My neighborhood is an upscale developement (avg. lot size ~ 3/4 acre) with driveways Im guessing no more than 50ft long at most, some shorter and usually 2 cars wide...

SO the question is... WHAT IS A GOOD PRICE TO CHARGE??? $20, $30? need opinions


----------



## Woodland (Sep 17, 2005)

Maybe I'm naive but how much snow can you plow with an ATV?? I can't see "upscale" customers paying someone to plow their driveway with one.


----------



## TubedYota (Nov 13, 2008)

Woodland;645742 said:


> Maybe I'm naive but how much snow can you plow with an ATV?? I can't see "upscale" customers paying someone to plow their driveway with one.


When I got mine for my quad I was surprised at how much it can handle. I have a 60" plow with a wing on my '00 Grizzly.


----------



## Zach (Nov 19, 2008)

Hell I live in ohio, 4-5 inches is a blizzard!


----------



## Woodland (Sep 17, 2005)

Zach;646167 said:


> Hell I live in ohio, 4-5 inches is a blizzard!


Sorry, I didn't realize. Around here we call that flurries.


----------



## Zach (Nov 19, 2008)

LOL yeah... Im somewhat new to this Ohio B.S. ayway, what do you think a good price would be? (or at least in the ballpark)


----------



## grasskeepers (Aug 9, 2008)

i use a z turn mower with a 46 in blade. i charge 200 a month for upto 20 events. here the average is 10 events a month, this includes sidewalk drive and front and back door


----------



## Superior L & L (Oct 6, 2006)

grasskeepers;673898 said:


> i use a z turn mower with a 46 in blade. i charge 200 a month for upto 20 events. here the average is 10 events a month, this includes sidewalk drive and front and back door


10 events a month holly crap!


----------



## KGRlandscapeing (May 2, 2007)

Zach;646167 said:


> Hell I live in ohio, 4-5 inches is a blizzard!

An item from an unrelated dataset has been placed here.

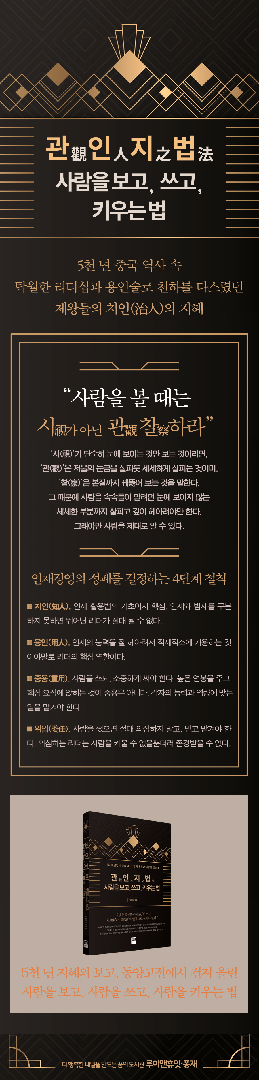 관인지법(觀人之法), 사람을 보고 쓰고 키우는 법 PART 1 지인(知人), 사람을 알아야 한다 사불문(四不問), 네 가지를 묻지 말라 ― 강태공의 팔관법(八觀法) 객경(客卿), 진시황의 천하 통일 위업의 비밀 ― 제갈량의 지인지도(知人之道) 군이지인위명(君以知人爲明), 군주는 인재를 알아봄으로써 밝아진다 ― 인재를 꿰뚫는 유비의 통찰력 국유삼불상(國有三不詳), 나라를 망치는 세 가지 불길한 징후 ― 인재경영의 성패를 결정하는 4단계 철칙 지인선용(知人善用), 그릇의 크기를 알아야 한다 ― 인재 관리의 고수, 방현령의 인재관리법 지상담병(紙上談兵), 백면서생의 최후 ― 공자의 사람을 보는 기준 기화가거(奇貨可居), 절대 놓쳐서는 안 되는 인재 ― 승부사 여불위의 뛰어난 안목 선시어외(先始於?), 인재가 없는 이유 ― 천리마도 알아보지 못하면 아무 소용없다 PART 2 용인(用人), 사람을 쓸 줄 알아야 한다 오불여(吾不如), 나는 당신만 못하다 ― 중국 황제들의 인사 필독서 『인물지』 굴신제천하(屈臣制天下), 낮출수록 높아진다 ― 사람을 품는 유비의 낮춤 리더십 겸청즉명(兼聽則明), 두루 들어야 밝아진다 ― 사람을 거울로 삼아야 하는 이유 도리불언하자성혜(桃李不言下自成蹊), 바르게 행하면 길이 저절로 생긴다 ― 존경받는 리더십의 비결, 솔선수범 유능제강(柔能制强), 부드러운 것이 강한 것을 이긴다 ― 강한 사람, 강한 조직일수록 유연하다 항룡유회(亢龍有悔), 내려올 때를 놓치면 후회한다 ― 버려야 얻고, 멈춰야 나아갈 수 있다 군주민수(君舟民水), 군주가 절대 잊어서는 안 되는 말 ― 제왕학 교과서, 『정관정요』 계명구도(鷄鳴狗盜), 세상에 쓸모없는 사람은 없다 ― 정치의 달인, 이극의 ‘오시법’ PART 3 중용(重用), 소중하게 써야 한다 토미양화(土美養和), 어진 임금이 어진 신하를 만든다 ― 리더가 멀리해야 할 6가지 유형의 사람 궁팔십 달팔십(窮八十 達八十), 기다림의 지혜 ― 인내만큼 드러나지 않는 지혜는 없다 각재기소(各在其所), 누구나 제자리가 있다 ― 만족할 줄 알면 욕되지 않는다 물극필반(物極必反), 넘침을 경계하라 ― 넘침을 경계하는 잔, ‘계영배’ 선승구전(先勝求戰), 싸우지 않고 이기는 법 ― 노자가 말하는 ‘가장 이상적인 리더’ 시지이성책(示之以誠策), 진심이 마음을 움직인다 ― 설득의 귀재, 소진의 7가지 책략 일일삼과(一日三過), 하루에 세 번 왕을 꾸짖은 이유 ― 뛰어난 리더는 혼자 만들어지지 않는다 PART 4 위임(委任), 믿고 맡겨야 한다 오수척 천하비(吾雖瘠 天下肥), 나는 야위었으나, 천하는 살쪘다 ― 의심 많은 리더는 성공할 수 없다 지지(知止), 그칠 줄 알아야 한다 ― 처세의 달인, 장량의 처세술 무신불립(無信不立), 신뢰가 없으면 설 수 없다 ― 공자와 맹자가 제왕의 선택을 받지 못한 이유 의행무명 의사무공(疑行無名 疑事無功), 의심하면 성공할 수 없다 ― 인재를 최고로 만드는 리더, 망치는 리더 교토삼굴(狡兎三窟), 뛰어난 리더일수록 멀리 내다본다 ― 리더의 통찰력과 선견지명 해대어(海大魚), 물고기는 물을 떠나서 살 수 없다 ― 급할수록 돌아가야 한다 역린지화(逆鱗之禍), 상대의 치부를 건드리지 말라 ― 세난, 설득이 어려운 이유 상옥추제(上屋抽梯), 모든 힘을 한곳으로 모으는 최후의 승부수 ― 파부침주의 각오로 맞서라 에필로그 사람을 알면 세상을 얻고, 알지 못하면 세상을 잃는다 |

Sorry i am from ohio even at 23 inchs in 3 days last winter things went on like buissness as usual. Though i see up wards of 100 inchs every year.


----------



## Zach (Nov 19, 2008)

sorry, Im comparing _southern_ Ohio to New England (where I used to live) soooo Im a little disapointed


----------



## Joesno (Dec 8, 2008)

I Plow and shovel all sidewalks for :smallest drive way 25$ biggest with a turn around and back drive way 50$.


----------



## Zach (Nov 19, 2008)

Joesno;677142 said:


> I Plow and shovel all sidewalks for :smallest drive way 25$ biggest with a turn around and back drive way 50$.


Thats what Im thinking


----------